The entries below contain a stretch that opens with the line containing "The 925 sterling" and closes with the line containing "इस दौरान बड़ी"; set down that stretch exactly, both ends included, and nothing else.

• **SUPPLIED RECORDS**
──────────
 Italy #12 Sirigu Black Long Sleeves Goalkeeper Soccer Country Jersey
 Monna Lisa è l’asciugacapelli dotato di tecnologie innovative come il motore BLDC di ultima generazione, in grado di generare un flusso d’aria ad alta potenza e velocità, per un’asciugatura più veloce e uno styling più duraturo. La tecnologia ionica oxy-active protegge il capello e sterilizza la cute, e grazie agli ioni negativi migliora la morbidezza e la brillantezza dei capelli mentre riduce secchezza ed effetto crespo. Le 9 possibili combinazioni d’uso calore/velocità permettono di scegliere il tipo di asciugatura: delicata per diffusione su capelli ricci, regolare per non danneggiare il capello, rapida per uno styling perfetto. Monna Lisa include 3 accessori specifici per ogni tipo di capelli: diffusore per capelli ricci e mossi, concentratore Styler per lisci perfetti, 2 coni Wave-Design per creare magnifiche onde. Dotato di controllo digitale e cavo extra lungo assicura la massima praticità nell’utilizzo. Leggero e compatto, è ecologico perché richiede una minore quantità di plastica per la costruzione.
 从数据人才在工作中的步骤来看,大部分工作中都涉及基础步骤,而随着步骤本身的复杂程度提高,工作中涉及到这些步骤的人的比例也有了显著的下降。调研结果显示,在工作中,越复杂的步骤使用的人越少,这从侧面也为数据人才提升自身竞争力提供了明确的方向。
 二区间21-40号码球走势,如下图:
──────────
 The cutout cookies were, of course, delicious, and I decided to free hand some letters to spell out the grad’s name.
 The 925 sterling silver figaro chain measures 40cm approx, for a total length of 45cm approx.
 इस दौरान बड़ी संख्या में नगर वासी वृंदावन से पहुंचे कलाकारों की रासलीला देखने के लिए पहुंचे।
──────────
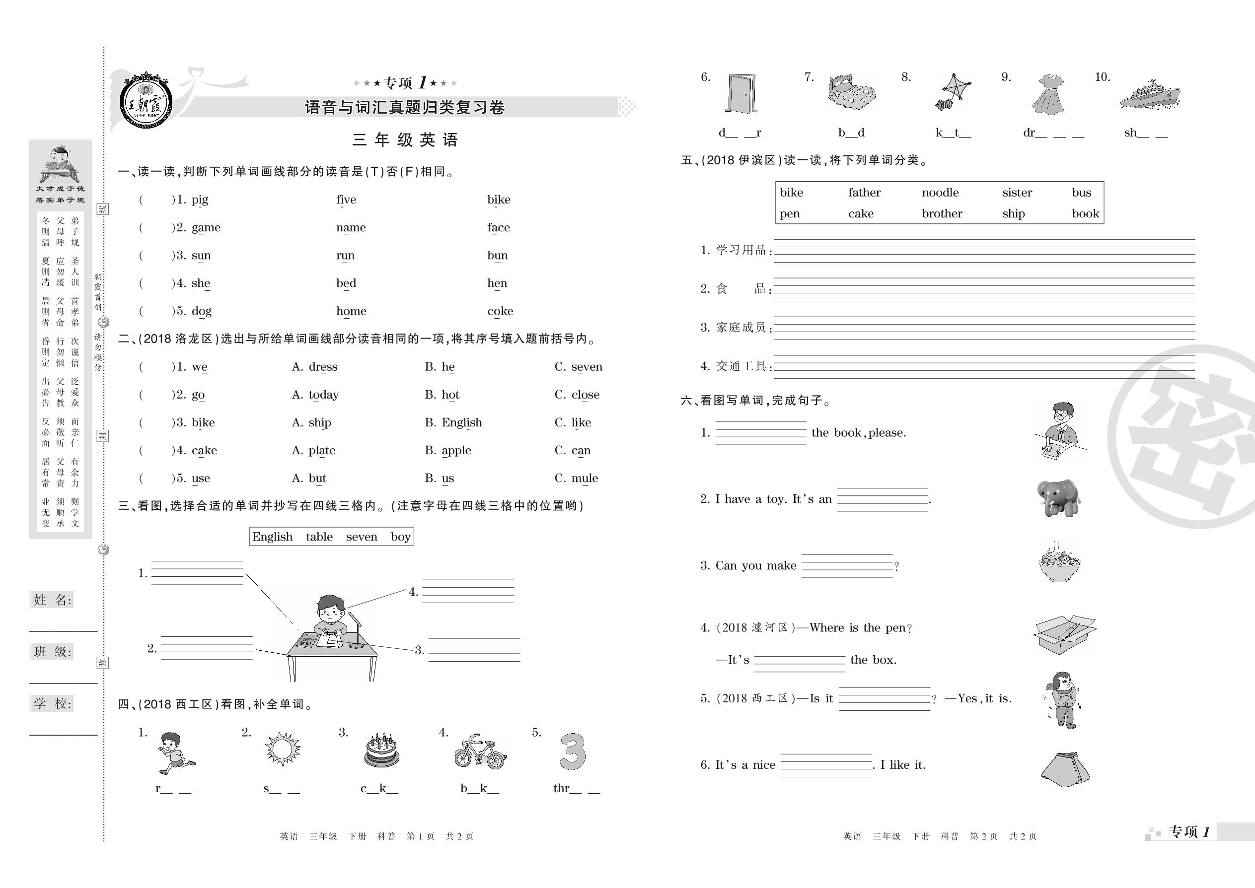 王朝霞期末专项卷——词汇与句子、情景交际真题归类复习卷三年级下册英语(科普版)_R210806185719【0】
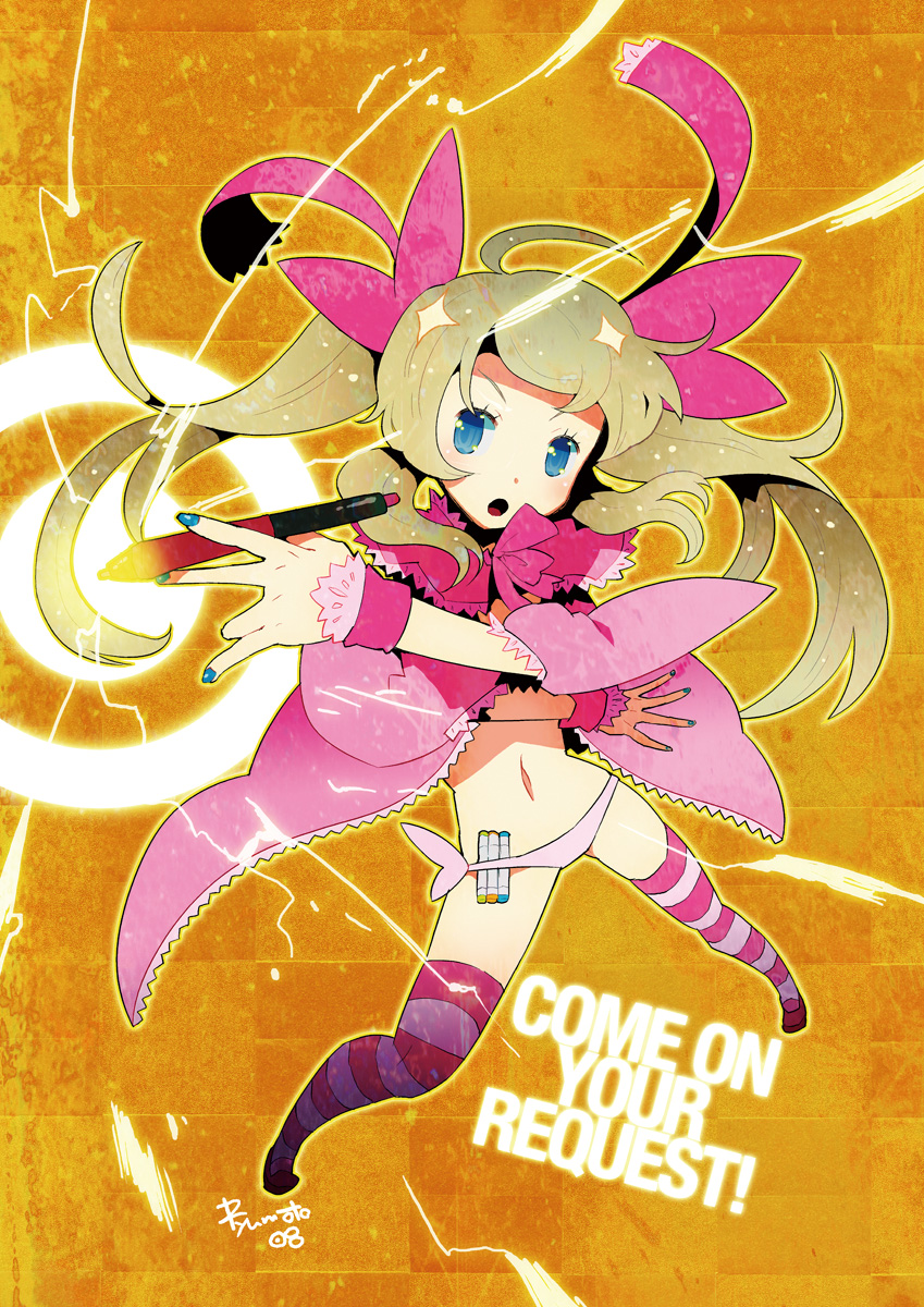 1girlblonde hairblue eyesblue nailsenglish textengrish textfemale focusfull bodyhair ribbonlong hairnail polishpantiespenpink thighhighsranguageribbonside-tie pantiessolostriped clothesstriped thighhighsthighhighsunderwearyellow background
──────────
• **TASK ANSWER**
 The 925 sterling silver figaro chain measures 40cm approx, for a total length of 45cm approx.
 इस दौरान बड़ी संख्या में नगर वासी वृंदावन से पहुंचे कलाकारों की रासलीला देखने के लिए पहुंचे।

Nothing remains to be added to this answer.